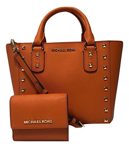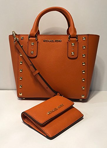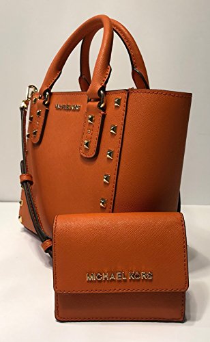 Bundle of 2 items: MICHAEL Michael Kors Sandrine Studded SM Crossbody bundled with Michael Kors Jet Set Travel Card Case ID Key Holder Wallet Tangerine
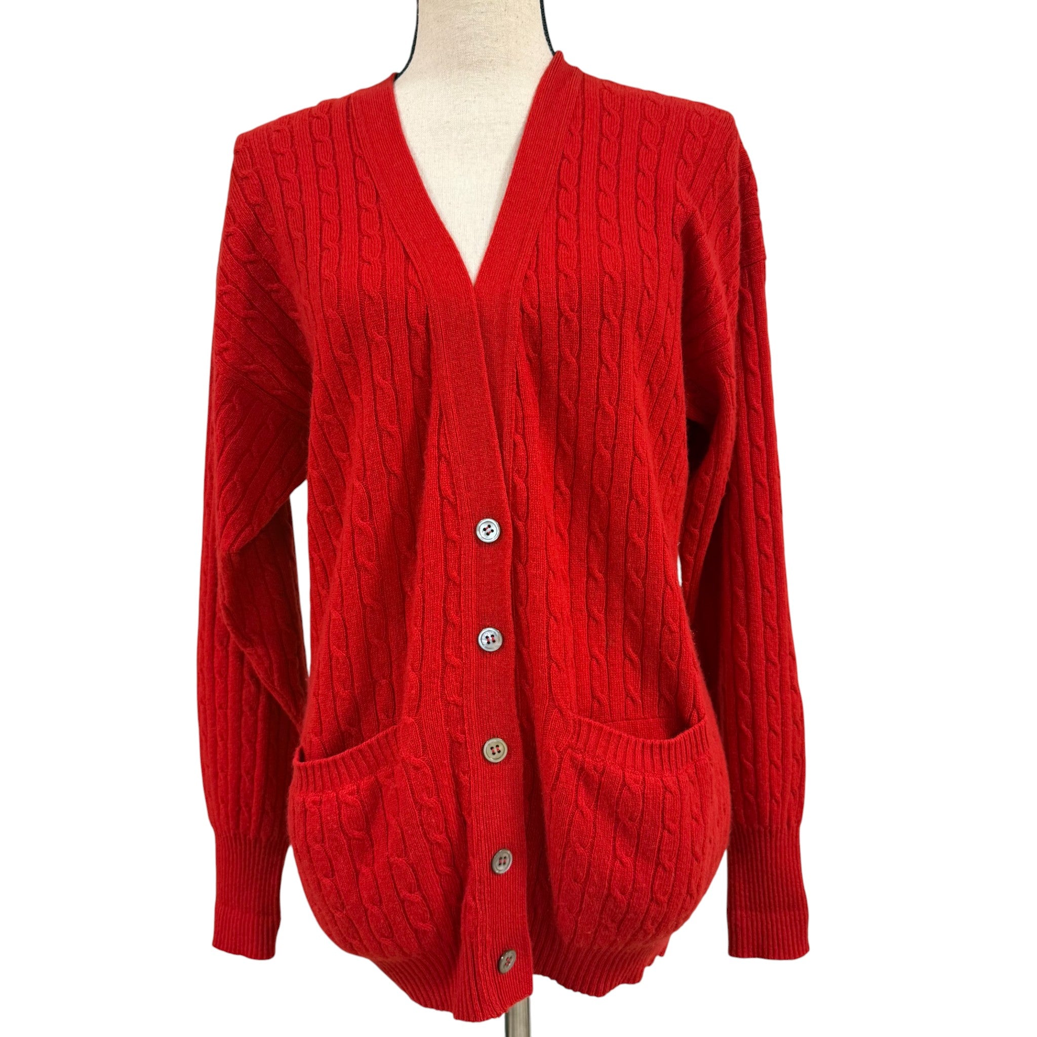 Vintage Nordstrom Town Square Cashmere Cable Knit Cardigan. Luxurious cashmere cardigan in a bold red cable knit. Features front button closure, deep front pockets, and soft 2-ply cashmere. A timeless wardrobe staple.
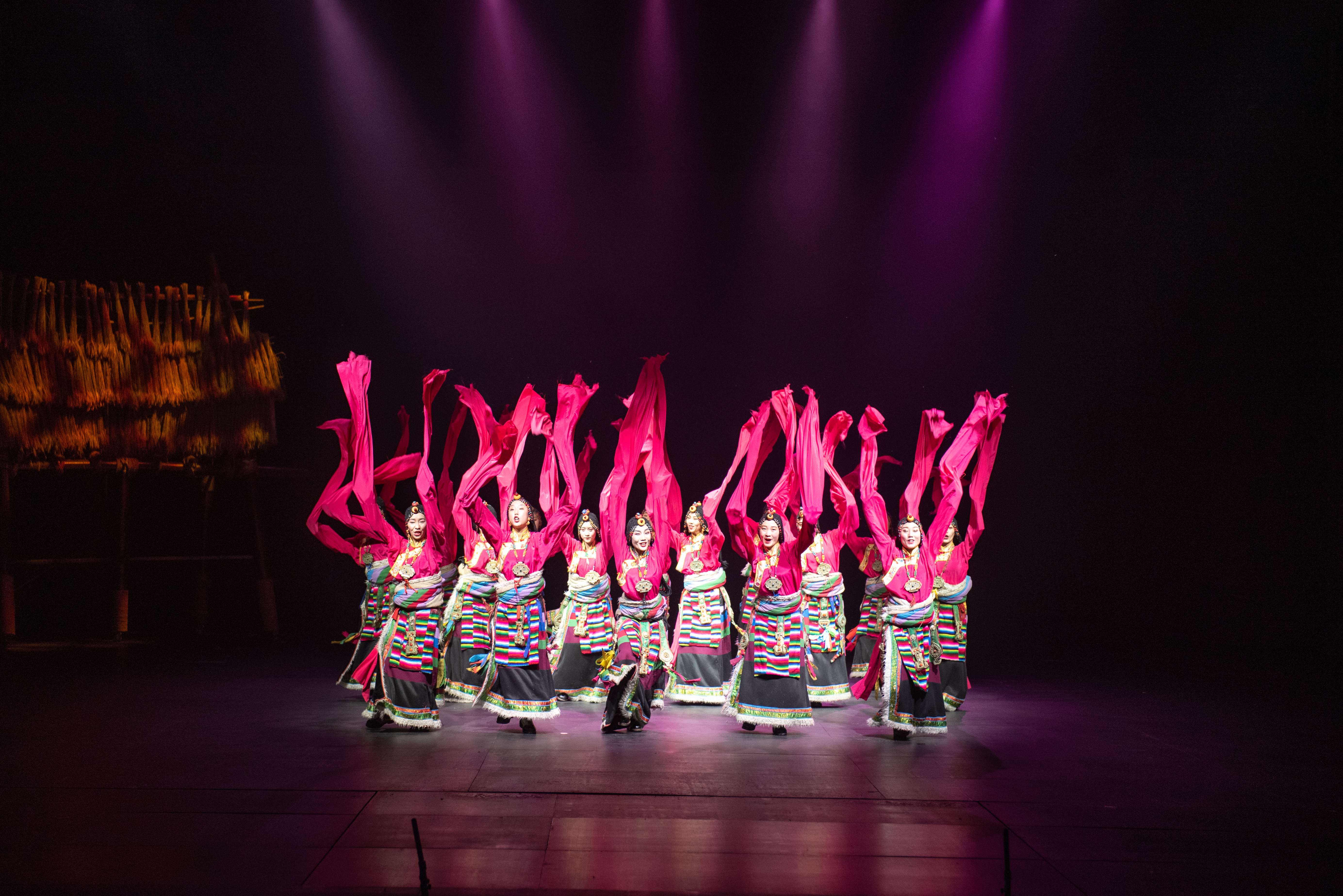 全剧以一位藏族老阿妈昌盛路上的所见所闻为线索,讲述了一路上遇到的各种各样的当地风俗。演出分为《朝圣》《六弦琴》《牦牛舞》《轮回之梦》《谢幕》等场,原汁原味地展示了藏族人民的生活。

+++

Leaving the pictures out, output all of the listing exactly.

 Bundle of 2 items: MICHAEL Michael Kors Sandrine Studded SM Crossbody bundled with Michael Kors Jet Set Travel Card Case ID Key Holder Wallet Tangerine
 Vintage Nordstrom Town Square Cashmere Cable Knit Cardigan. Luxurious cashmere cardigan in a bold red cable knit. Features front button closure, deep front pockets, and soft 2-ply cashmere. A timeless wardrobe staple.
 全剧以一位藏族老阿妈昌盛路上的所见所闻为线索,讲述了一路上遇到的各种各样的当地风俗。演出分为《朝圣》《六弦琴》《牦牛舞》《轮回之梦》《谢幕》等场,原汁原味地展示了藏族人民的生活。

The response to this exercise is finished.